The superintendent of schools in a region where the Alawites are in the majority and the Alawites are the minority group that Assad was part of. So they're a minority group, but they were in power for years. And there's a lot of hatred of that group because of the Assad regime. So the superintendent of schools is in a region where the Alawites are in the majority.
And a video had emerged of him delivering a sermon in 2023 in which he said, "...I ask Almighty God to cleanse our eyes by purifying our country of the filth of the Alawites, Shiites, and Jews." What has the reaction been to that, to the uncovering of that video?
I think these things are especially frightening to – I mean, they're not entirely shocking because it was an Islamist-run enclave when Sharad was running it. And now they're in charge of the whole country. And if you're an Alawite, that, as you mentioned, is the sect to which the Assad family belonged. These people are terrified.

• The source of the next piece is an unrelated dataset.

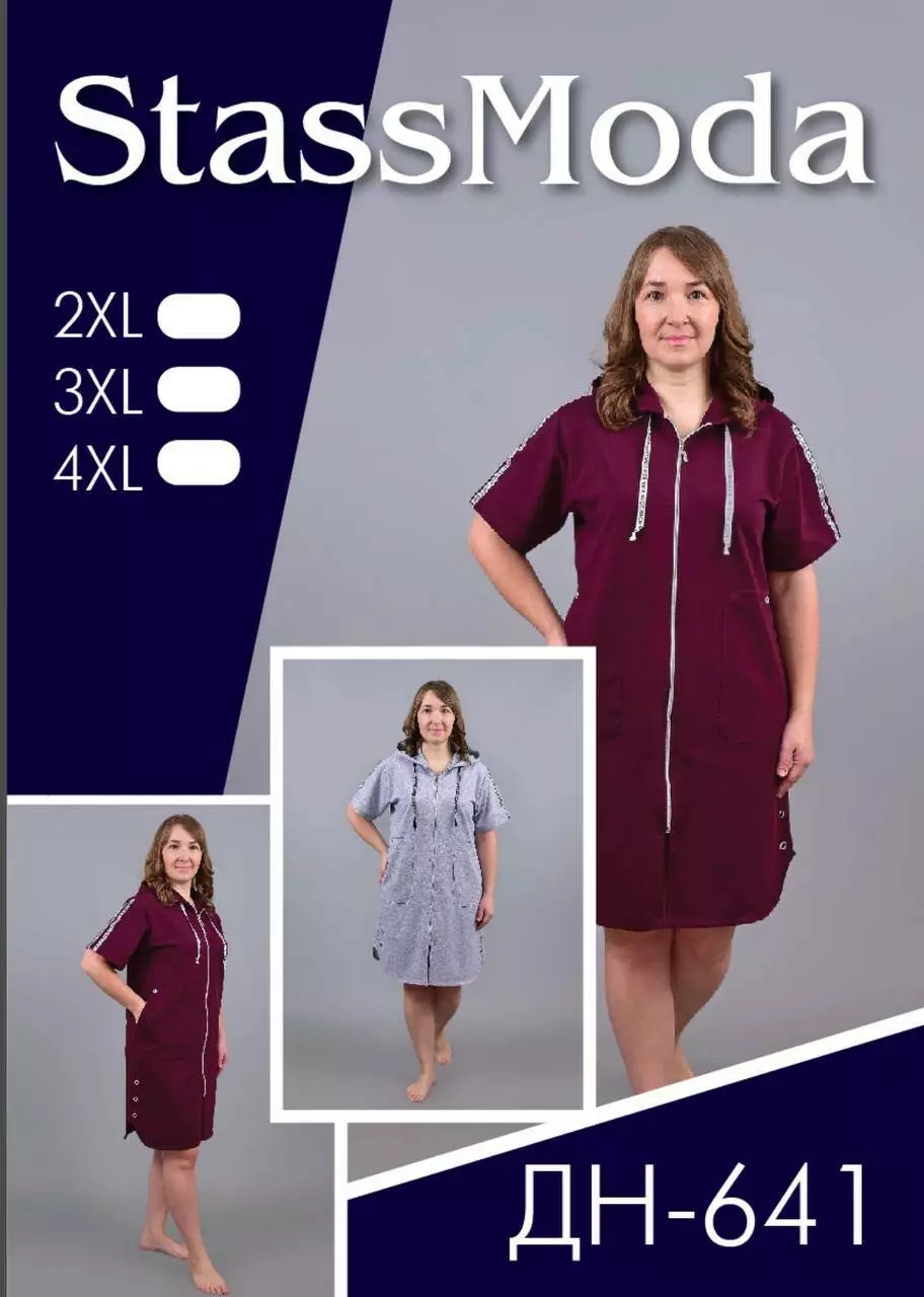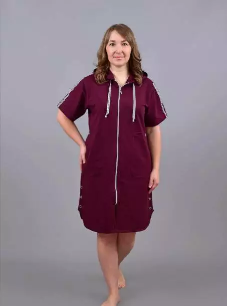 Модель із капюшоном та короткими рукавами ідеально підходить для домашнього носіння. Зручні накладні кишені додають функціональності, а елегантний крій забезпечує стильний вигляд. Застібка на блискавку дозволяє швидко та легко одягати халат.

Sometimes the only local security force is some jihadist guy who probably wants to kill you. And the only reason he's not doing it is because his boss has told him not to. But that kind of discipline has broken down a lot over the past couple of months. There have been so many people abducted and murdered even before the massacre that took place. in early March.
So I think this is a big reason that many people do not trust Shara, that they fear that, you know, all of his talk about wanting to build a tolerant society is just a cover, and that once he has the power and the ability to step forth and be who he really wants to be, he'll just slaughter them all.